Building a news curator tailored to you
Table of Contents
The problem with news today #
Let’s be honest: consuming news in 2025 is exhausting. Between algorithmic feeds that optimize for engagement over quality, clickbait headlines designed to trigger emotional responses, and the overwhelming volume of information competing for our attention, finding genuinely useful news feels like searching for a needle in a haystack.
What if we could build something simpler? Something that learns what we actually care about and gets better over time, without the complexity of neural networks or the privacy concerns of cloud-based recommendation engines?

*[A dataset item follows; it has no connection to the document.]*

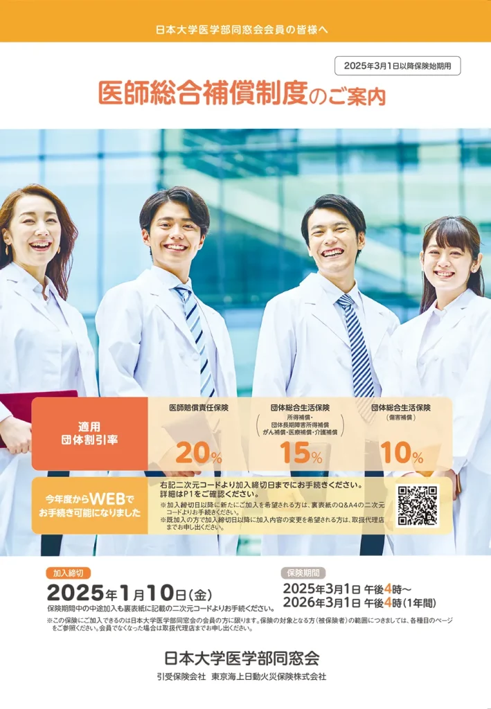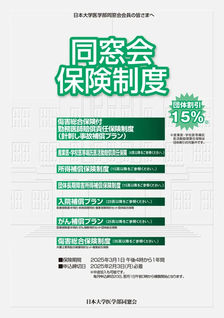 日本大学医学部卒業生およびご家族、その医療機関のための団体保険制度です。

That’s exactly what we’re going to build: a personalized news curator that runs locally, learns from your preferences through simple like/dislike feedback, and gets smarter about what articles to show you.

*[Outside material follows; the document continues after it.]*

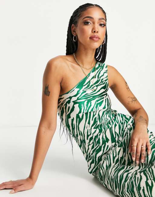 ASOS DESIGN Robe mi longue pliss e asym trique imprim z bre Vert et cr me
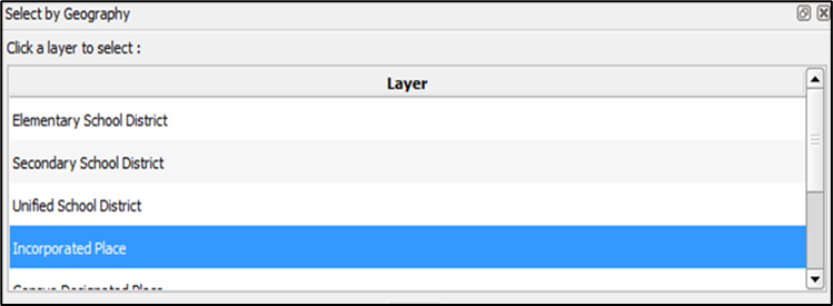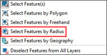 Provides options to select layer features in the map window with a single click, by dragging the cursor, or by drawing graphics on the screen. |

Why build your own news curator? #
Privacy is a major factor: your reading habits and preferences stay on your machine rather than being harvested by third parties. You also get complete control over which news sources are considered trustworthy, and you can see exactly how the recommendation algorithm works under the hood.
The core insight is simple: if you like articles about “renewable energy” and “climate change,” you’ll probably like more articles containing those keywords. If you dislike articles about “celebrity gossip,” the system should avoid showing you more of that content.
The technical approach #
The 70/30 strategy #
Here’s one of the most interesting design decisions: our recommendation engine uses a 70/30 split. Seventy percent of articles come from personalized content based on your learned keyword preferences, while thirty percent comes from general trending news to prevent you from living in a filter bubble.
This prevents the system from becoming too narrow in its recommendations while still giving you mostly content you’ll find relevant. It’s a much simpler approach than complex diversity algorithms used by major platforms.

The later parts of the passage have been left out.